I just fixed my NAA Mini and am wondering if there is anyway to check the timing myself... I don't think anything is off i just don't want to find out when it blows up in my hand. thanks


----------



## MULLET HUNTER (Oct 3, 2007)

*Huh???*

Get a timing light:whistling::whistling::whistling:

If the cylinder is not lined up the gun would be out of battery and would not fire, nor would it lock up. Just shoot the thing...


----------



## armywags (Feb 19, 2012)

ok. I was under the impression that it could still fire it would just hit the side of the barrel


----------



## MULLET HUNTER (Oct 3, 2007)

armywags said:


> ok. I was under the impression that it could still fire it would just hit the side of the barrel


Naa is a quality firearm. I've had two of them, stripped one of them down to nothing and put it back together, it shot fine. The hammer will only strike if the cylinder is lined up properly. I've never actually heard of A single action one out of timing...


----------



## armywags (Feb 19, 2012)

ok cool... just wanted to make sure. thanks for your help


----------



## TheRoguePirate (Nov 3, 2011)

go to a gun shop or acadamy. get a revolver newb timing pin calibraitor


----------



## armywags (Feb 19, 2012)

how much do they go for


----------



## GoneCoastal (May 1, 2008)

If you replaced the cylinder or had to replace parts that could affect the timing you should check it carefully. While empty you could visually inspect each cylinder and barrel alignment or insert a rod to see if it will pass all the way through when cocked. Make sure the cylinder is locked tight and doesnt rotate any when cocked.
I has a NAA 22 mag that was a little off, shot it and got lead in my finger from the side blast cylinder gap, wasnt terrible but definitely woke me up. May have been shot a lot and was a little loose which caused the cylinder to be out of line.


----------



## bigbulls (Mar 12, 2008)

An NAA 22 mini revolver will most definitely fire with the cylinders not aligned with the bore. The little hammer notch in the cylinder is wide enough to allow the cylinder to be considerably out of time and still be able to strike the rim of the cartridge.

Apply light pressure to the cylinder with your left thumb (assuming you are right handed) while you cock the gun with your right thumb. When you get the gun fully cocked release pressure from your left thumb on the cylinder and try to gently rotate the cylinder.
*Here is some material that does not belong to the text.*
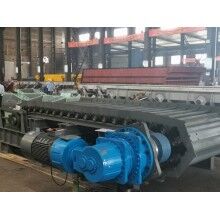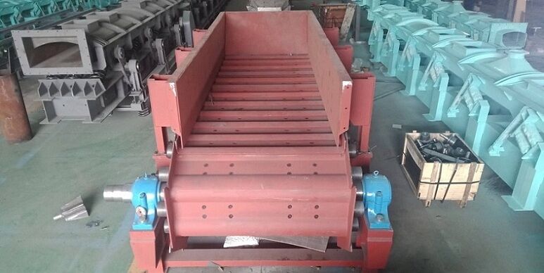 通過分析研究上述問題,結合國內外給料機使用情況,重新設計制作了一臺新型給料機,主要特點是:采用板式給料機連續(xù)給料;板式給料機料板采用雙圓弧、節(jié)點重合的方式,解決了漏料問題;板式給料機安裝角度為18°,可使物料緩慢分散跌落到皮帶機上;撥料棍采用逆物料方向旋轉,以控制物料層的厚度;料斗設計采用漸開式,解決了膨料問題;電機采用變頻控制,可控制出料速度。經過三個多月的的現(xiàn)場使用,證明能夠完成勻料,效果較好。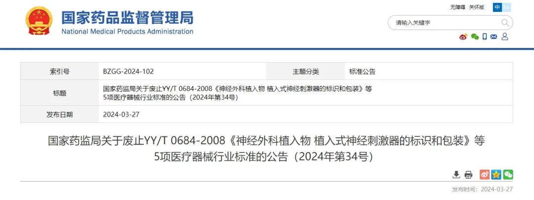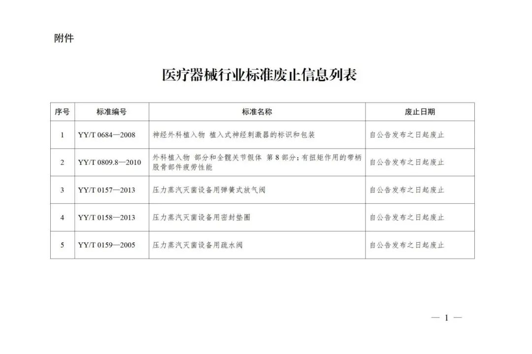 3月27日,國(guó)家藥監(jiān)局發(fā)布公告稱(chēng),廢止YY/T 0684-2008《神經(jīng)外科植入物 植入式神經(jīng)刺激器的標(biāo)識(shí)和包裝》、YY/T 0157-2013《壓力蒸汽滅菌設(shè)備用彈簧式放氣閥》等5項(xiàng)醫(yī)療器械行業(yè)標(biāo)準(zhǔn),具體明細(xì)如下;

If you hear it click it is out of time.


----------



## armywags (Feb 19, 2012)

i had it checked out today by the gunsmith and it is good to go.... shot about 10 cylinders out of it with out a hitch thanks guys


----------



## glassplus (May 6, 2009)

We looked for you to day to show up, four of us had a good time shooting every thing from pis/shotgun/ rifles. to bad you could not make it. jj


----------



## TraderDan (Jul 25, 2009)

*ha ha*



TheRoguePirate said:


> go to a gun shop or acadamy. get a revolver newb timing pin calibraitor


 I think they are about $1 -2.98 right beside the left handed monkey wrenches. 
Don't fall for it Wags


----------



## armywags (Feb 19, 2012)

Haha is that like a chem light batteries or a box a grid squares


----------



## TheRoguePirate (Nov 3, 2011)

sorry, could not resist, dont forget the keys to your hummv!


----------